Word for word, reproduce each line of the data below, omitting every image.

*** INFORMATION PROVIDED

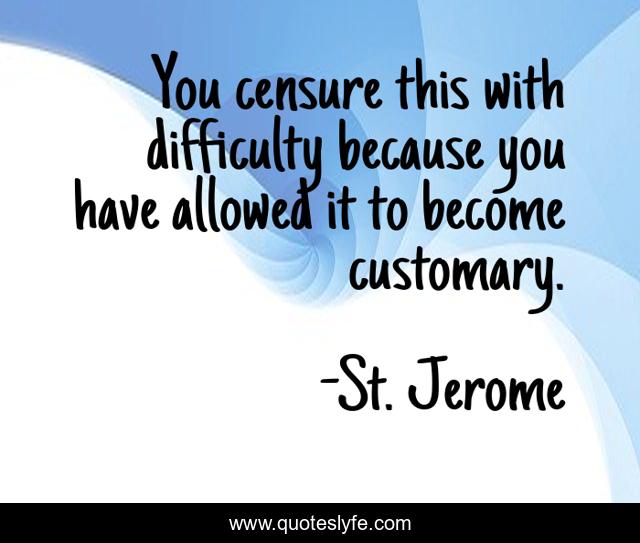 This page presents the quote "You censure this with difficulty because you have allowed it to become customary.". Author of this quote is St. Jerome. .
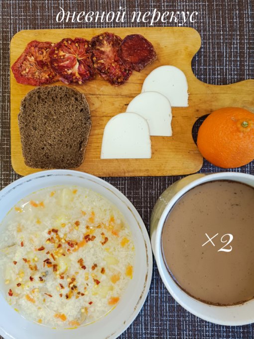 бородинский хлеб, сушеные томаты, копчёный сулугуни, кофе с
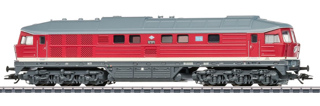 Vorbild: Diesellokomotive BR 132 der Deutschen Reichsbahn (DR/DDR), auch bekannt unter dem Spitznamen „Ludmilla“. Rubinrote Grundfarbgebung. Betriebsnummer 132 457-3. Betriebszustand um 1990.
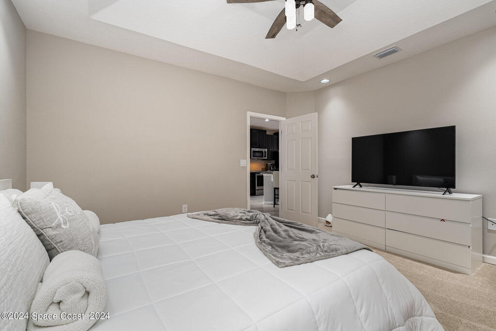 Welcome to this beautifully maintained 4-bedroom, 2-bath home, situated in the desirable neighborhood of Harvest Cove. Conveniently located near US-1 and I-95, and just minutes away from everything you could need--including restaurants, shopping centers, and Starbucks. This home offers unparalleled accessibility. Step inside to discover a thoughtfully designed living space featuring extended granite countertops, ceramic tile flooring, and cozy carpeted bedrooms with ample closet space. The home's welcoming atmosphere is enhanced by a stunning crystalline glass front door and energy-efficient features throughout. Enjoy the outdoors in your private, screened-in back porch, and take advantage of the fully fenced-in yard. Perfect for relaxation and entertaining. The property also boasts a charming brick paver driveway and a meticulously maintained lawn. This home seamlessly combines modern amenities with classic charm! Schedule your showing today!
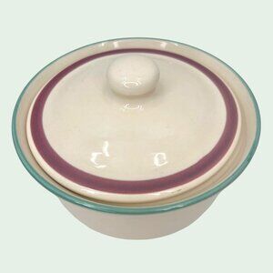 Nice Pfaltzgraff Juniper casserole or butter dish with lid! Green and mauve lines on the ivory color dish, mauve on the lid. Dish measures 5.5" in diameter. Holds 2 cups/16 oz of liquid. No chips or cracks. Has slightly darker marks along bottom rim and small area of lid rim as pictured. Great piece!
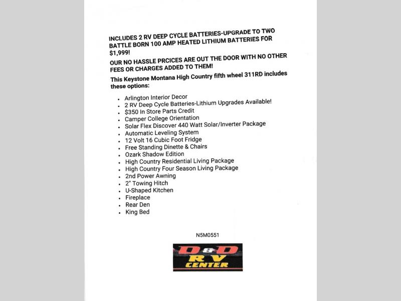 This Keystone Montana High Country fifth wheel 311RD includes these options:
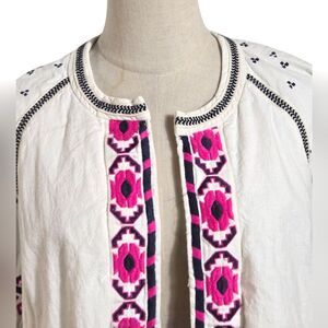 This is so pretty. Embroidered front and sleeves. Fully lined with no closure. Perfect accent piece for jeans and a tank. Good overall condition. Spring or fall
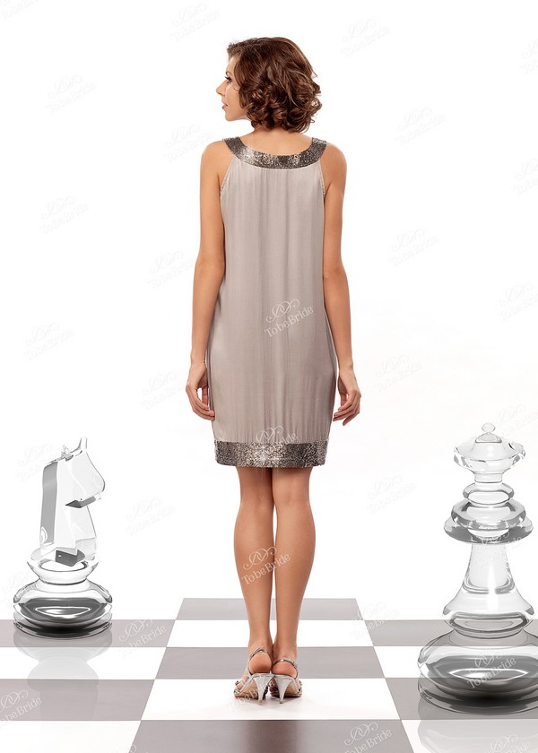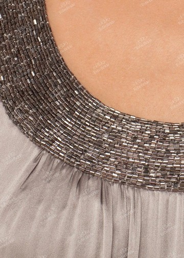 Платье прямое, не прилегающее. Вырез горловины спереди украшен широкой каёмкой, которая вышита серебристым бисером. Эта каёмка плавно переходит в две бретели, которые сзади так же сходятся на вырезе горловины.

******

■ TASK ANSWER ■
 This page presents the quote "You censure this with difficulty because you have allowed it to become customary.". Author of this quote is St. Jerome. .
 бородинский хлеб, сушеные томаты, копчёный сулугуни, кофе с
 Vorbild: Diesellokomotive BR 132 der Deutschen Reichsbahn (DR/DDR), auch bekannt unter dem Spitznamen „Ludmilla“. Rubinrote Grundfarbgebung. Betriebsnummer 132 457-3. Betriebszustand um 1990.
 Welcome to this beautifully maintained 4-bedroom, 2-bath home, situated in the desirable neighborhood of Harvest Cove. Conveniently located near US-1 and I-95, and just minutes away from everything you could need--including restaurants, shopping centers, and Starbucks. This home offers unparalleled accessibility. Step inside to discover a thoughtfully designed living space featuring extended granite countertops, ceramic tile flooring, and cozy carpeted bedrooms with ample closet space. The home's welcoming atmosphere is enhanced by a stunning crystalline glass front door and energy-efficient features throughout. Enjoy the outdoors in your private, screened-in back porch, and take advantage of the fully fenced-in yard. Perfect for relaxation and entertaining. The property also boasts a charming brick paver driveway and a meticulously maintained lawn. This home seamlessly combines modern amenities with classic charm! Schedule your showing today!
 Nice Pfaltzgraff Juniper casserole or butter dish with lid! Green and mauve lines on the ivory color dish, mauve on the lid. Dish measures 5.5" in diameter. Holds 2 cups/16 oz of liquid. No chips or cracks. Has slightly darker marks along bottom rim and small area of lid rim as pictured. Great piece!
 This Keystone Montana High Country fifth wheel 311RD includes these options:
 This is so pretty. Embroidered front and sleeves. Fully lined with no closure. Perfect accent piece for jeans and a tank. Good overall condition. Spring or fall
 Платье прямое, не прилегающее. Вырез горловины спереди украшен широкой каёмкой, которая вышита серебристым бисером. Эта каёмка плавно переходит в две бретели, которые сзади так же сходятся на вырезе горловины.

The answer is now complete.